**Provided information**

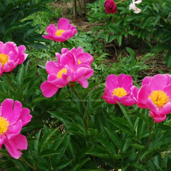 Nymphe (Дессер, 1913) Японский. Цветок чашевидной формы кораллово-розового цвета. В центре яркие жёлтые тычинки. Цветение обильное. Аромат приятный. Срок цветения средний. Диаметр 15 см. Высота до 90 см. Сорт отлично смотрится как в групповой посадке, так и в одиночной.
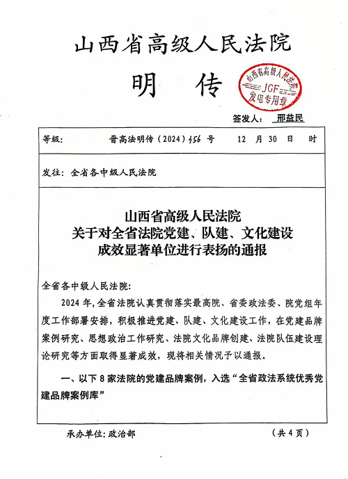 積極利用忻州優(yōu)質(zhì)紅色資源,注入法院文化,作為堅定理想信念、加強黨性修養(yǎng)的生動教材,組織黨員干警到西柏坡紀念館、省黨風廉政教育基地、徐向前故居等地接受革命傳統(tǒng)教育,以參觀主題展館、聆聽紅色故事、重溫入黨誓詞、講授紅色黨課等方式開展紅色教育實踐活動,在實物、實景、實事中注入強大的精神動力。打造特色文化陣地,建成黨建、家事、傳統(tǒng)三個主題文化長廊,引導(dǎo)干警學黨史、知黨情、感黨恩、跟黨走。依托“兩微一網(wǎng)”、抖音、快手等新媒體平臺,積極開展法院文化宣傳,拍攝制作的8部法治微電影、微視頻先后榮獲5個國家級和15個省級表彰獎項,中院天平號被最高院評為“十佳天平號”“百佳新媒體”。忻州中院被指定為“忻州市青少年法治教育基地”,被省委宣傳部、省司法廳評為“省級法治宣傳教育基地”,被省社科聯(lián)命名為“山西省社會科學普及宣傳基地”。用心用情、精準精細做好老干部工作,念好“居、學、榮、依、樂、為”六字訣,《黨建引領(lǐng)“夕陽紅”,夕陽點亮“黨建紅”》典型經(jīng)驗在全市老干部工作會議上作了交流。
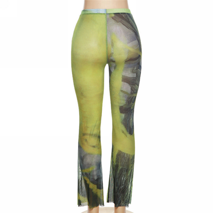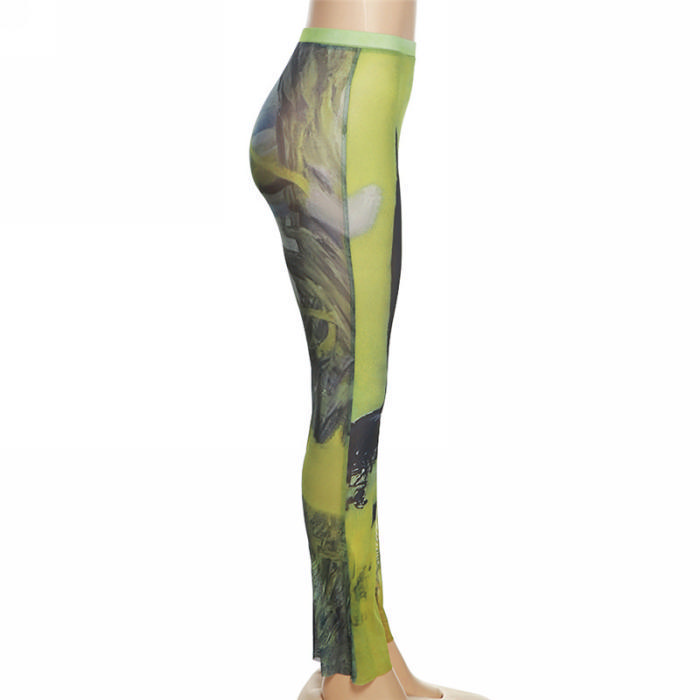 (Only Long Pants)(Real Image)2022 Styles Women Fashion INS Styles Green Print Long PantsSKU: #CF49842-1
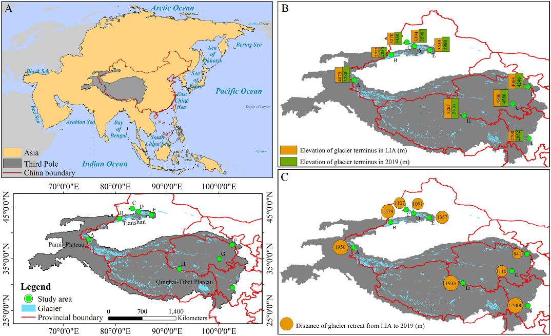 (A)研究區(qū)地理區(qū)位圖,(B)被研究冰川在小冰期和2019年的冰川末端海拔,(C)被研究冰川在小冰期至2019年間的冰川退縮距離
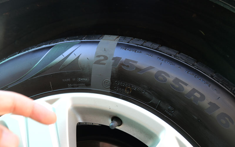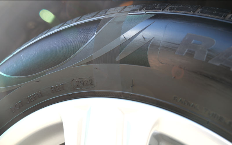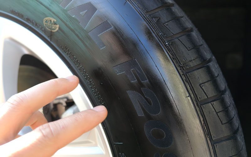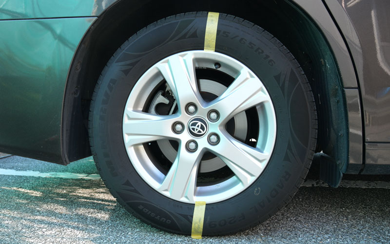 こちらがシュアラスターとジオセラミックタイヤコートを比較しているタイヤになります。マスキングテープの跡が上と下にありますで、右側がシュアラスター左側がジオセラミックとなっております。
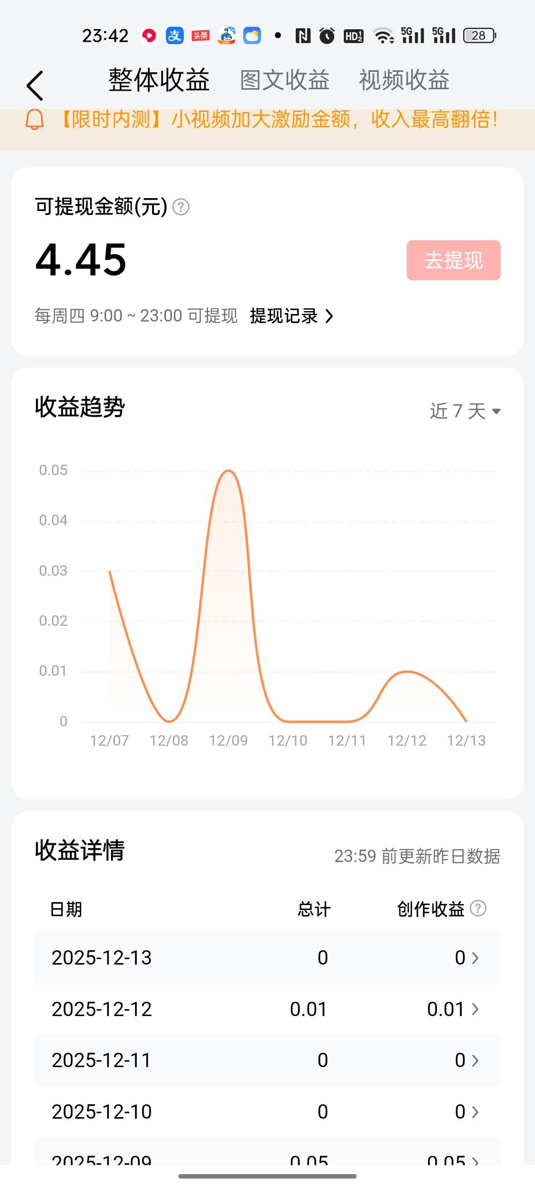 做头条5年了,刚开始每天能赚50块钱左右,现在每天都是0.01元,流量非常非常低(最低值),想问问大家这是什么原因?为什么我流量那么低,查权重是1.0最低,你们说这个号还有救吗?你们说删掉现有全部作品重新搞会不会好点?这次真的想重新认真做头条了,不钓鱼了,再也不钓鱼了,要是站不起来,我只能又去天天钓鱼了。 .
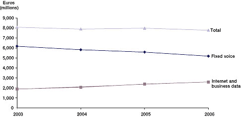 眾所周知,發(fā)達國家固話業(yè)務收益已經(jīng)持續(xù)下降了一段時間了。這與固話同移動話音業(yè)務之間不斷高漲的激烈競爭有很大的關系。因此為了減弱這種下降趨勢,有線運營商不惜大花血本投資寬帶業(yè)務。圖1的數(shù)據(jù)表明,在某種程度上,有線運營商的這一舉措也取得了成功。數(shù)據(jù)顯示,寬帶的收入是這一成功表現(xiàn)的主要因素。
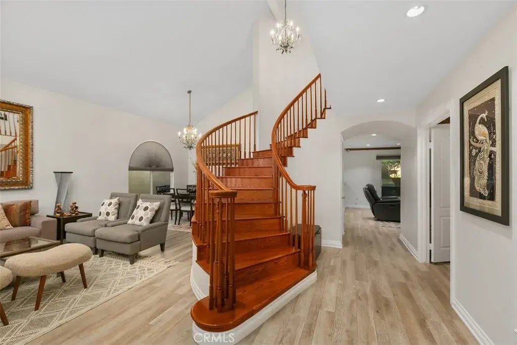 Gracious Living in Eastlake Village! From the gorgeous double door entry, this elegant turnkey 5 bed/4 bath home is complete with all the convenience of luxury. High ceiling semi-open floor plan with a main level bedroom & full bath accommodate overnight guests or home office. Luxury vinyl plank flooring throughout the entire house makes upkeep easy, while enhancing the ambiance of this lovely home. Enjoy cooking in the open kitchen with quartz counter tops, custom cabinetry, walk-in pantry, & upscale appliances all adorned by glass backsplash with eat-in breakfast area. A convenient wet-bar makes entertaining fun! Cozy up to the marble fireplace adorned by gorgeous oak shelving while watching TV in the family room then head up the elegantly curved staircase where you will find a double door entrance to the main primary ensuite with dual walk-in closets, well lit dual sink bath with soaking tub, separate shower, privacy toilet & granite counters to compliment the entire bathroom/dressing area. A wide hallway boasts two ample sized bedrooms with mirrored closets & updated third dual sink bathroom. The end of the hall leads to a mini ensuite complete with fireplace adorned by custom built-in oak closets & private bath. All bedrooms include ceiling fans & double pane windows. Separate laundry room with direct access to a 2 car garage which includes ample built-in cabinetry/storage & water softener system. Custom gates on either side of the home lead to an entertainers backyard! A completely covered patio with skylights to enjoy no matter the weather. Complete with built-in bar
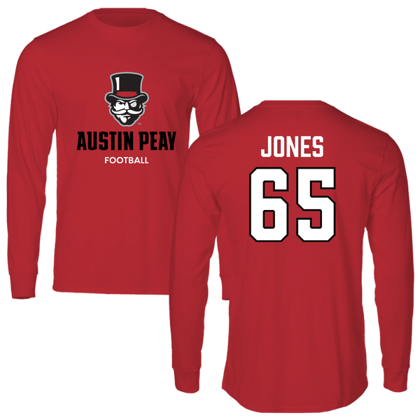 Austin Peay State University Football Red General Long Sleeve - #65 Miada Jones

**Work order**
Give back every entry in full, exactly as written, with no picture included.

**Exercise result**
 Nymphe (Дессер, 1913) Японский. Цветок чашевидной формы кораллово-розового цвета. В центре яркие жёлтые тычинки. Цветение обильное. Аромат приятный. Срок цветения средний. Диаметр 15 см. Высота до 90 см. Сорт отлично смотрится как в групповой посадке, так и в одиночной.
 積極利用忻州優(yōu)質(zhì)紅色資源,注入法院文化,作為堅定理想信念、加強黨性修養(yǎng)的生動教材,組織黨員干警到西柏坡紀念館、省黨風廉政教育基地、徐向前故居等地接受革命傳統(tǒng)教育,以參觀主題展館、聆聽紅色故事、重溫入黨誓詞、講授紅色黨課等方式開展紅色教育實踐活動,在實物、實景、實事中注入強大的精神動力。打造特色文化陣地,建成黨建、家事、傳統(tǒng)三個主題文化長廊,引導(dǎo)干警學黨史、知黨情、感黨恩、跟黨走。依托“兩微一網(wǎng)”、抖音、快手等新媒體平臺,積極開展法院文化宣傳,拍攝制作的8部法治微電影、微視頻先后榮獲5個國家級和15個省級表彰獎項,中院天平號被最高院評為“十佳天平號”“百佳新媒體”。忻州中院被指定為“忻州市青少年法治教育基地”,被省委宣傳部、省司法廳評為“省級法治宣傳教育基地”,被省社科聯(lián)命名為“山西省社會科學普及宣傳基地”。用心用情、精準精細做好老干部工作,念好“居、學、榮、依、樂、為”六字訣,《黨建引領(lǐng)“夕陽紅”,夕陽點亮“黨建紅”》典型經(jīng)驗在全市老干部工作會議上作了交流。
 (Only Long Pants)(Real Image)2022 Styles Women Fashion INS Styles Green Print Long PantsSKU: #CF49842-1
 (A)研究區(qū)地理區(qū)位圖,(B)被研究冰川在小冰期和2019年的冰川末端海拔,(C)被研究冰川在小冰期至2019年間的冰川退縮距離
 こちらがシュアラスターとジオセラミックタイヤコートを比較しているタイヤになります。マスキングテープの跡が上と下にありますで、右側がシュアラスター左側がジオセラミックとなっております。
 做头条5年了,刚开始每天能赚50块钱左右,现在每天都是0.01元,流量非常非常低(最低值),想问问大家这是什么原因?为什么我流量那么低,查权重是1.0最低,你们说这个号还有救吗?你们说删掉现有全部作品重新搞会不会好点?这次真的想重新认真做头条了,不钓鱼了,再也不钓鱼了,要是站不起来,我只能又去天天钓鱼了。 .
 眾所周知,發(fā)達國家固話業(yè)務收益已經(jīng)持續(xù)下降了一段時間了。這與固話同移動話音業(yè)務之間不斷高漲的激烈競爭有很大的關系。因此為了減弱這種下降趨勢,有線運營商不惜大花血本投資寬帶業(yè)務。圖1的數(shù)據(jù)表明,在某種程度上,有線運營商的這一舉措也取得了成功。數(shù)據(jù)顯示,寬帶的收入是這一成功表現(xiàn)的主要因素。
 Gracious Living in Eastlake Village! From the gorgeous double door entry, this elegant turnkey 5 bed/4 bath home is complete with all the convenience of luxury. High ceiling semi-open floor plan with a main level bedroom & full bath accommodate overnight guests or home office. Luxury vinyl plank flooring throughout the entire house makes upkeep easy, while enhancing the ambiance of this lovely home. Enjoy cooking in the open kitchen with quartz counter tops, custom cabinetry, walk-in pantry, & upscale appliances all adorned by glass backsplash with eat-in breakfast area. A convenient wet-bar makes entertaining fun! Cozy up to the marble fireplace adorned by gorgeous oak shelving while watching TV in the family room then head up the elegantly curved staircase where you will find a double door entrance to the main primary ensuite with dual walk-in closets, well lit dual sink bath with soaking tub, separate shower, privacy toilet & granite counters to compliment the entire bathroom/dressing area. A wide hallway boasts two ample sized bedrooms with mirrored closets & updated third dual sink bathroom. The end of the hall leads to a mini ensuite complete with fireplace adorned by custom built-in oak closets & private bath. All bedrooms include ceiling fans & double pane windows. Separate laundry room with direct access to a 2 car garage which includes ample built-in cabinetry/storage & water softener system. Custom gates on either side of the home lead to an entertainers backyard! A completely covered patio with skylights to enjoy no matter the weather. Complete with built-in bar
 Austin Peay State University Football Red General Long Sleeve - #65 Miada Jones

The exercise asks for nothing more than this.